China is called upon to free an imprisoned Uyghur academic

Global rights watchdog Human Rights Watch (HRW) has called on China’s communist regime to release prominent Uyghur economist and government critic Ilham Tohti who was convicted and given a life sentence ten years ago.

The rights group termed the arrest and conviction of Tohti in 2014 on alleged charges of inciting separatism as “politically motivated,” in a statement released on Sept. 23.

The life sentence imposed on Tohti “marked the beginning of the Chinese government’s severe crackdown on the Uyghur region in 2014,” said Maya Wang, HRW’s associate China director.

“Tohti’s life imprisonment for his peaceful criticism and torturous solitary confinement reflects the Chinese government’s heightened repression and relentless abuses against Uyghurs,” Wang alleged.

HRW pointed out that Tohti’s family has not been allowed to visit him since early 2017 and he has been placed in solitary confinement since his arrest.
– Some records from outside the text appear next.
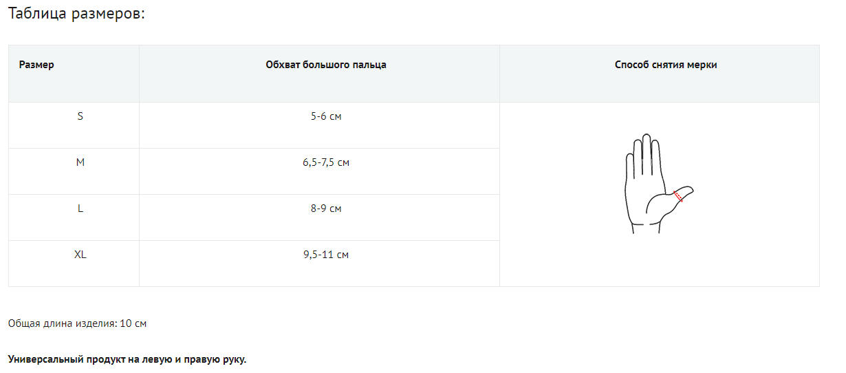 - Ортез имеет открытую конструкцию, подходит как на левую, так и на правую руку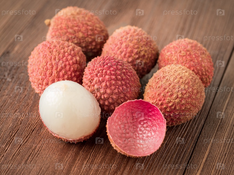 Свежие спелые плоды личи на деревянном столе, макро, вид сбоку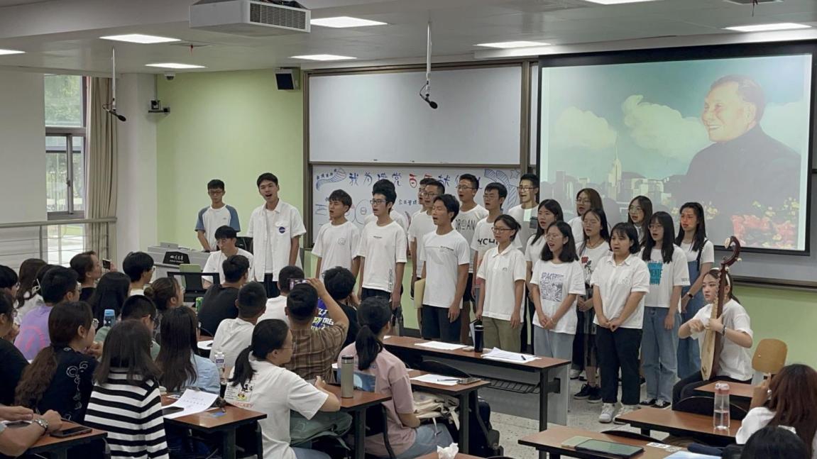大类二班的同学们的节目更是让人耳目一新,最开始的诗朗诵中,同学们用庄严的神情抒发着自己对共产党历史的缅怀之情,更是用饱满的热情表现了对未来祖国、未来党的更好建设的期待。伴随着悠扬的背景音乐,同学们携着一幅幅精美的画作向我们走来。从最开始的中国共产党于画舫上成立,到伟大的二万五千里长征,最后再到抗日战争解放战争,同学们把共产党百年伟大征程呈现在了书画作品之中。最后,二班的同学们还采用了大合唱的方式,现场奏乐合唱《春天的故事》。和谐的音律、振奋人心的歌词、充满感情的演唱,一下将现场氛围带入高潮,带到了1978年,“那是一个春天,有一位老人在南海边画了一个圈。”在中国共产党的带领下,我们迈出了改革开放的伟大步伐,中国人民更是从站起来走向了富起来。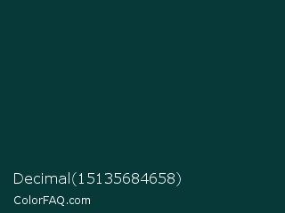 Decimal 15135684658 Color is a very dark cyan color and the nearest color is Tiber #063537. Hex code #063938 and RGB value is rgb(6,57,56). In RGB color space, this color is composed of 2% red, 22% green, 22% blue, In CMYK color space, this color is composed of 89% cyan, 0% magenta, 2% yellow , 78% black , In HSL color space, this color has a hue angle of 179° , 81% saturation and 12% lightness.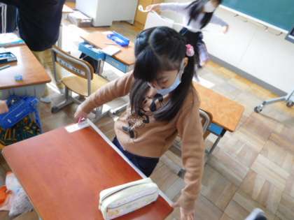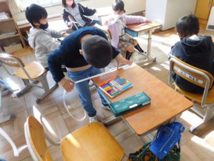 12/1(水) 1年生 公開日 2021/12/01 更新日 2021/12/01 1年生 算数です。「ながさくらべ」の学習です。リボンを使って、机の縦と横の長さの違いを測っています。紅葉差体験をして長さの概念を身につけていきます。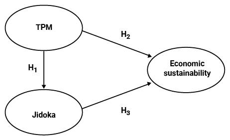 When industries adopt jidoka they position themselves more effectively to navigate the transition to Industry 4.0 by integrating advanced technologies and automation tools. This transition fosters the development of resilient production systems that can adapt to fluctuating economic conditions and demands (Koteswarapavan & Pattanaik, 2024). By enhancing flexibility and responsiveness to market changes, jidoka becomes a strategic asset for firms aiming to sustain long-term economic growth amidst environmental uncertainties (Cantini et al., 2024). This analysis leads us to propose the following hypothesis: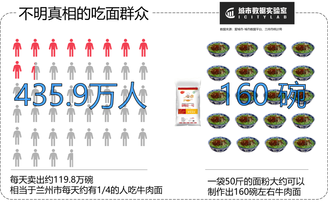 平均一袋面可以拉出160碗左右牛肉面,而做一碗牛肉面需要约160g面粉,25g肉,10克蒜苗,10g辣椒,400ml水。全兰州市每天要吃掉191.7吨面粉,一年下来要吃掉7万吨。

A top economist, Tohti, now 54, taught economics at the Central Nationalities University, now the Minzu University of China, in Beijing.

Chinese officials had accused him of using his lectures to incite violence and to trigger Uyghur separatism to overthrow the government.

He came under renewed state surveillance in 2006 when he established “Uyghurs Online,” a website to discuss Uyghur issues and problems and to promote his research work on relations between Uyghur and Han Chinese communities.

The government shut down the website in 2008 and sentenced the manager, Gheyret Niyaz, now 65, to 15 years in prison in 2010 for “endangering state security.”

Tohti was arrested and jailed following the riots in Urumqi, the capital of Xinjiang Uyghur Autonomous Region in northwest China in 2009. He was accused of inciting violence for his criticism of the government’s repressive policies in Muslim-majority Uyghurs in Xinjiang.

However, he was released shortly due to strong international backlash.

Tohti repeatedly denied harboring separatism and said he seeks peaceful solutions to problems and autonomy for the Uyghur-dominated region within China.

He was arrested in January 2014 and sentenced to life imprisonment following a two-day trial, which triggered international condemnation.

During his detention, Tohti was accorded several international awards – the PEN/Barbara Goldsmith Freedom to Write Award 2014, the Martin Ennals Award 2016, the Vaclav Havel Human Rights Price 2019, and the European Parliament’s Sakharov Prize for Freedom of Thought 2019.

The European Union had issued a statement calling for “the immediate and unconditional release of Tohti and other human rights defenders, lawyers, and intellectuals who are arbitrarily detained in China.”

Rights groups say six of Tohti’s students, Abduqeyum Ablimit, Perhat Halmurat, Akbar Imin, Mutellip Imin, Shohret Nijat, and Atikem Rozi, are believed to have been jailed.

Citing the Xinjiang Victims Database, HRW said that it is believed that they have been sentenced to between three-and-a-half and eight years in prison in 2014.

Chinese courts have sentenced several Uyghur intellectuals and activists in the past years, the group said.

Among those Gulshan Abbas, a retired physician, is serving 20 years in jail, Rahile Dawut, a prominent anthropologist was sentenced to life, and Yalqun Rozi, a writer and literary critic sentenced to 15 years.

Abduqadir Jalalidin, a literature professor has been sentenced to 13 years in jail and is among the thousands of people convicted without due process and jailed in Xinjiang, HRW said.

In May 2014, Chinese security forces launched a crackdown on Uyghurs and other Muslims in Xinjiang calling it “Strike Hard Campaign against Violent Terrorism.”

The brutal campaign led to mass and arbitrary detention, unjust prolonged imprisonment, forced labor, family separation, violation of reproductive rights, torture, and the use of transnational repression, HRW said.

In a 2022 report, the Office of the United Nations High Commissioner for Human Rights said that these abuses “may constitute … crimes against humanity.”

“The authorities continue to detain and imprison Uyghurs on vague charges, though precise information is limited due to the severe government control of information in the region,” HRW said in the statement.